Create a jpg file of your signature and name it “sigYourUserID.jpg” then place the file in the CAMOS directory. There is code in notegen.php that will display the jpg file on the PDF if the jpg file exists. Here is the code in notegen.php that looks for the jpg file. Hope that helps.
Mike
$query = sqlStatement("select t2.id, t2.fname, t2.lname, t2.title from forms as t1 join users as t2 on " .

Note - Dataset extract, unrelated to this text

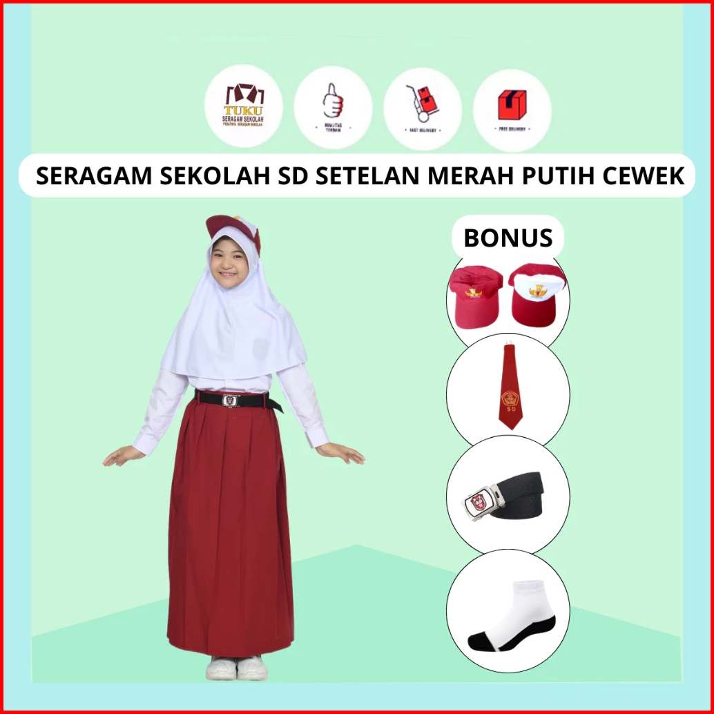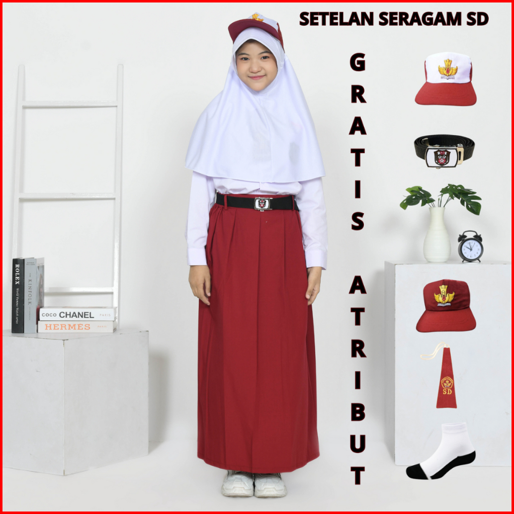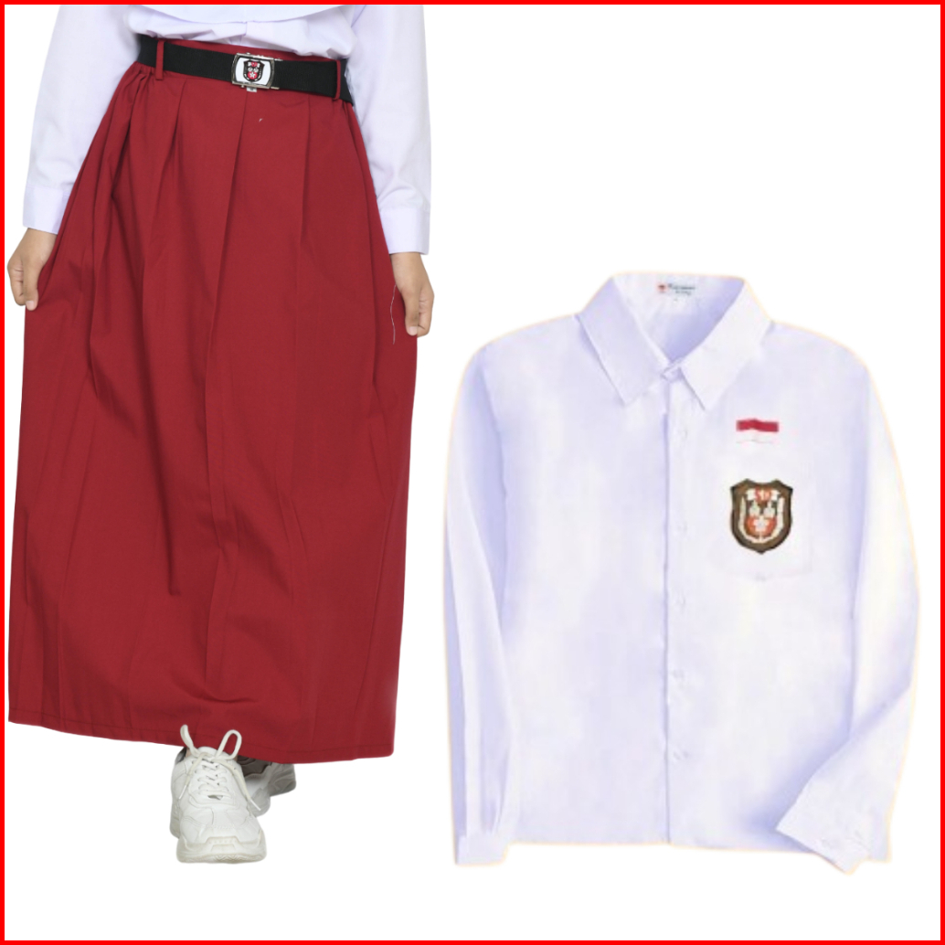 Baju Sekolah Lengan Panjang Setelan Super Premium Rok Merah Seragam Kelas Sd Perempuan Lengkap

"(t1.user like t2.username) where t1.pid=$pid and t1.encounter=$encounter");
if ($results = mysql_fetch_array($query, MYSQL_ASSOC)) {
$name = $results['fname']." ".$results['lname'].", ".$results['title'];
$user_id = $results['id'];
}
$path = $GLOBALS['fileroot']."/interface/forms/CAMOS";
[b]if (file_exists($path."/sig".$user_id.".jpg")) {[/b]
//show the image here
I just made a simple layout based form that inserts a note stating that the encounter has been electronically signed by me, which I believe since it is added under my sign-in should help validate it. I dictate a note in the speech dictation , save that and then open and save the electronic signature form. I suppose it could be made to be time stamped if it was needed.
I was looking at a government system in the US. They use the electronic signatures especially for e-prescriptions (saved signature jpg or something similar) which is helpful for controlled drugs.
It would be nice if there was a way for the electronic signatures to automatically be applied to a finished visit though (despite the redundancy) isntead of having to click and navigate through the CAMOS engine.
There seems to be some confusion about what Electronic Signature is as compared to inserting a JPG of a signature. The graphics part, while comforting, is not legally of any importance and is, really, only useful for thing you are going to print (or store as if you had printed them).
You need only to actively acknowledge that you are “signing” a document and include the signers name and the date-time stamp. The issue with data stored electronically is making sure the “signature” is somehow applied to all the parts (tables/fields/scanned documents) of set of things that are being signed.
What if you can “can” (like a canned package) all of the pertinent documents that need to be submitted and signed as if you were making a snapshot of the patient’s medical record in that point of time that the documents is signed. The canned output must be in a readable format (similar to the proposition from sunset regarding “printing a patient report”). That document can be closed and signed by the provider. In theory.
That is an acceptible model by some folks. We have done something similar to that for one very customized OpenEMR derivative.
Adding “signoff” to Rods print to PDF would be a way to do that. pdftk allows you to append a page to a PDF, we did that with a signature page (and addendum logs)
Hi Mike,
I followed your guide and instruction, but still can not have it print at the last step with PDF that would generate the sigYourUserID.jpg
Please help
did I miss any steps?
Did you scan an image of your signature to a jpeg and place it in the CAMOS forms directory? That is where your image file should be placed. What I have found is that if the permissions are not set correctly on that jpeg file you created, it will not display.